# Your assignment
Would you repeat every entry below word for word but drop the images?

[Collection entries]
########################################
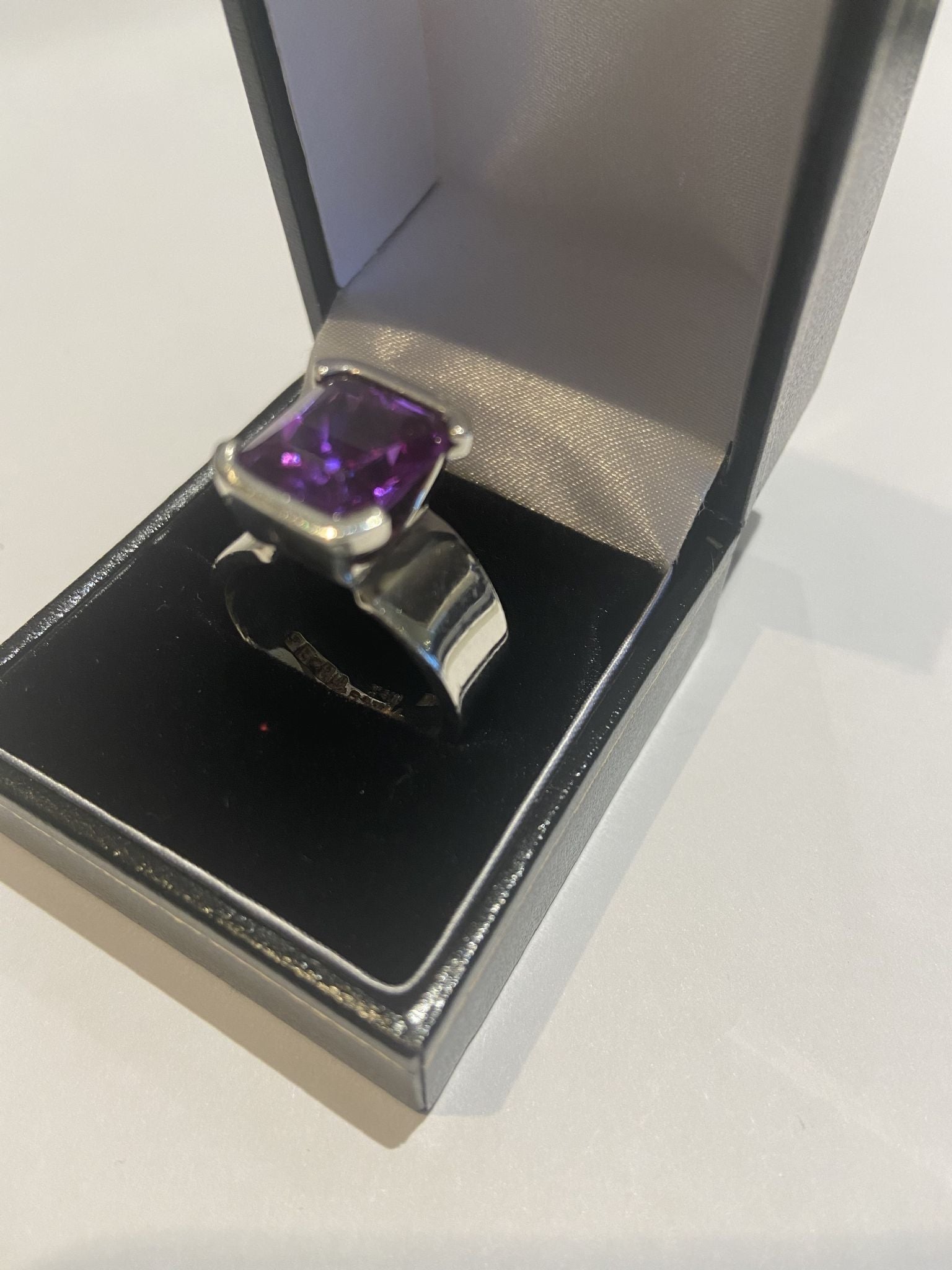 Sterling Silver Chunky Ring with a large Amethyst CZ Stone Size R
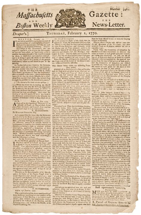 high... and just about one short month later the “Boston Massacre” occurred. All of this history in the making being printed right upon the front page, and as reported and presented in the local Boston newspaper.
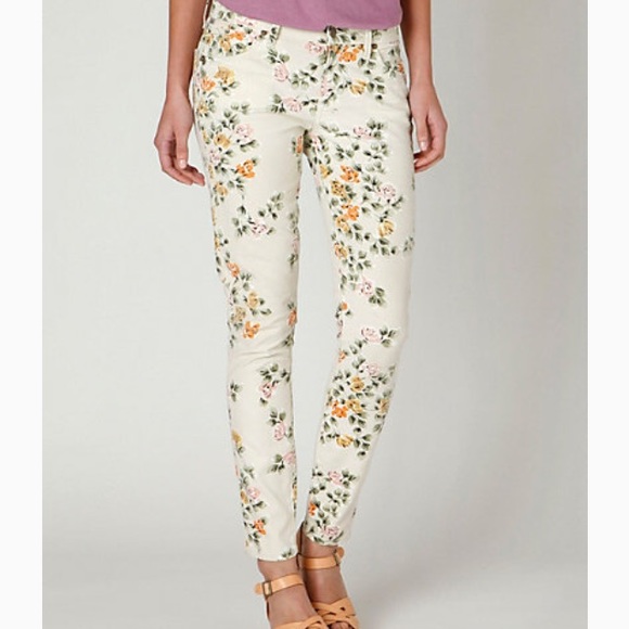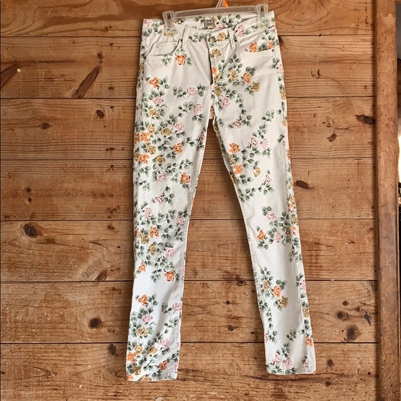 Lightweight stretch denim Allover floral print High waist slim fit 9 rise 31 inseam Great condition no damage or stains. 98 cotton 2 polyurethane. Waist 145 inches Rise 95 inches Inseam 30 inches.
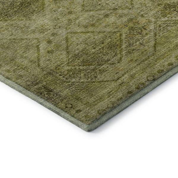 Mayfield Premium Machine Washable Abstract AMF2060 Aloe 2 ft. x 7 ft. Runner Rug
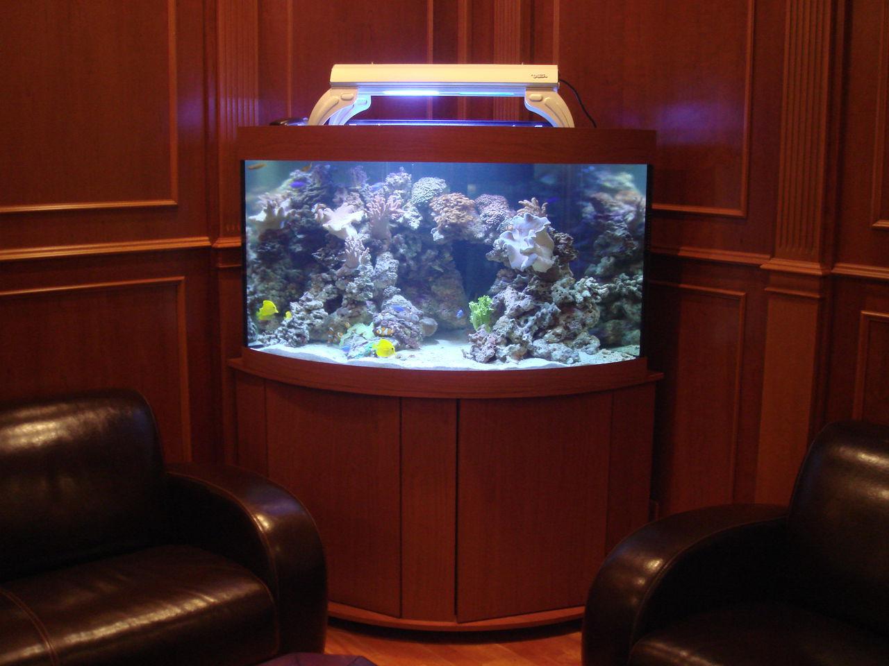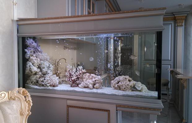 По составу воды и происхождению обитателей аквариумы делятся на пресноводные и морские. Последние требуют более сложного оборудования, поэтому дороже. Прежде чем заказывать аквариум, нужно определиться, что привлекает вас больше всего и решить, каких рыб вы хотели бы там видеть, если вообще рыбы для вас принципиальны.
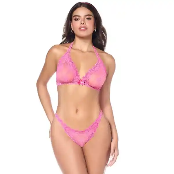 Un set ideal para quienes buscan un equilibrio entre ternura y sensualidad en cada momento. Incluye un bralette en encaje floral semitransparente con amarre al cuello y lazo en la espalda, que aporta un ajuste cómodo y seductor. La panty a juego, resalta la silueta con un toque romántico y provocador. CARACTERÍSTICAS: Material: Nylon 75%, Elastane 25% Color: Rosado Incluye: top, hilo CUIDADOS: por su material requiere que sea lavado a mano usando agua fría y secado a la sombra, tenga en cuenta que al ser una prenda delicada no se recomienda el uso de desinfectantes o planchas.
########################################
# Reply
 Sterling Silver Chunky Ring with a large Amethyst CZ Stone Size R
 high... and just about one short month later the “Boston Massacre” occurred. All of this history in the making being printed right upon the front page, and as reported and presented in the local Boston newspaper.
 Lightweight stretch denim Allover floral print High waist slim fit 9 rise 31 inseam Great condition no damage or stains. 98 cotton 2 polyurethane. Waist 145 inches Rise 95 inches Inseam 30 inches.
 Mayfield Premium Machine Washable Abstract AMF2060 Aloe 2 ft. x 7 ft. Runner Rug
 По составу воды и происхождению обитателей аквариумы делятся на пресноводные и морские. Последние требуют более сложного оборудования, поэтому дороже. Прежде чем заказывать аквариум, нужно определиться, что привлекает вас больше всего и решить, каких рыб вы хотели бы там видеть, если вообще рыбы для вас принципиальны.
 Un set ideal para quienes buscan un equilibrio entre ternura y sensualidad en cada momento. Incluye un bralette en encaje floral semitransparente con amarre al cuello y lazo en la espalda, que aporta un ajuste cómodo y seductor. La panty a juego, resalta la silueta con un toque romántico y provocador. CARACTERÍSTICAS: Material: Nylon 75%, Elastane 25% Color: Rosado Incluye: top, hilo CUIDADOS: por su material requiere que sea lavado a mano usando agua fría y secado a la sombra, tenga en cuenta que al ser una prenda delicada no se recomienda el uso de desinfectantes o planchas.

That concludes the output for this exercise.